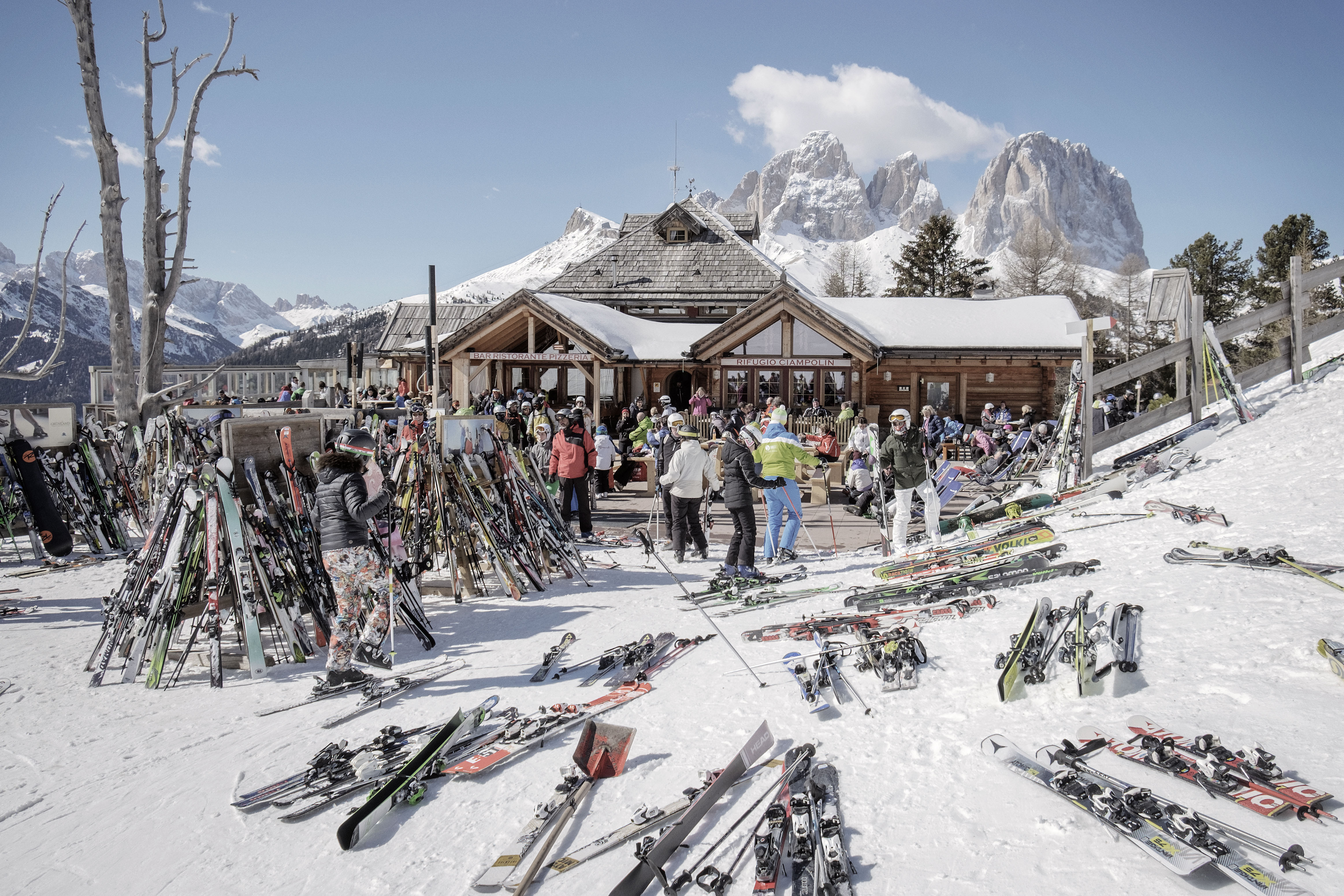 In Val di Fassa si può trascorrere una intera giornata sugli sci collegando le più belle skiarea dell’alta valle. Partendo da Pozza di Fassa si sale sul Buffaure e dopo una colazione con vista sul Catinaccio si percorrono le piste del Panorama Skitour fino alla Conca del Ciampàc e poi una picchiata lungo la pista nera fino ad Alba di Canazei. Una moderna e panoramica funivia ci riporta in alto direttamente nel cuore della skiarea del Belvedere di Canazei per ammirare un panorama a 360° di cime dolomitiche: Marmolada, Pordoi, Sella e Sassolungo. Si scivola sulle ampie piste al sole fino alla zona del Col Rodella ai piedi del Sassolungo. Esclusivo, affacciato sulle Dolomiti della val di Fassa, il Fienile Monte, si raggiunge dalle piste sul percorso del famoso Sellaronda. Glamour pacato, atmosfera intima e rilassata, caratterizzano questo locale il cui ristorante con meno di trenta coperti, propone piatti gourmet a 2.260 metri di altitudine. Da non perdere la vista sulle Dolomiti dalle poltrone lounge, che al tramonto regalano lo spettacolo dell’enrosadira.
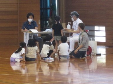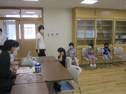 子供たちは4つの班に分かれて、内科、歯科、眼科や耳鼻科の先生の検診を受け、視力や聴力の検査を行いました。子供たちは指示に従って元気に検査を受けていました。
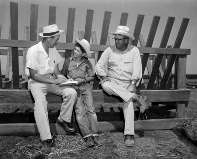 County Agent John Galloway, left, and Gary Snow discusses one of Gary's 4-H demonstrations. H. P. Meyer, right, who is Gary's uncle, is a Hood County adult 4-H leader.

**PROBLEM:**
Output only the lines that run from the line containing "子供たちは4つの班に分かれて" to the last line of the data, exactly as they stand and without pictures.

**TASK RESULT:**
 子供たちは4つの班に分かれて、内科、歯科、眼科や耳鼻科の先生の検診を受け、視力や聴力の検査を行いました。子供たちは指示に従って元気に検査を受けていました。
 County Agent John Galloway, left, and Gary Snow discusses one of Gary's 4-H demonstrations. H. P. Meyer, right, who is Gary's uncle, is a Hood County adult 4-H leader.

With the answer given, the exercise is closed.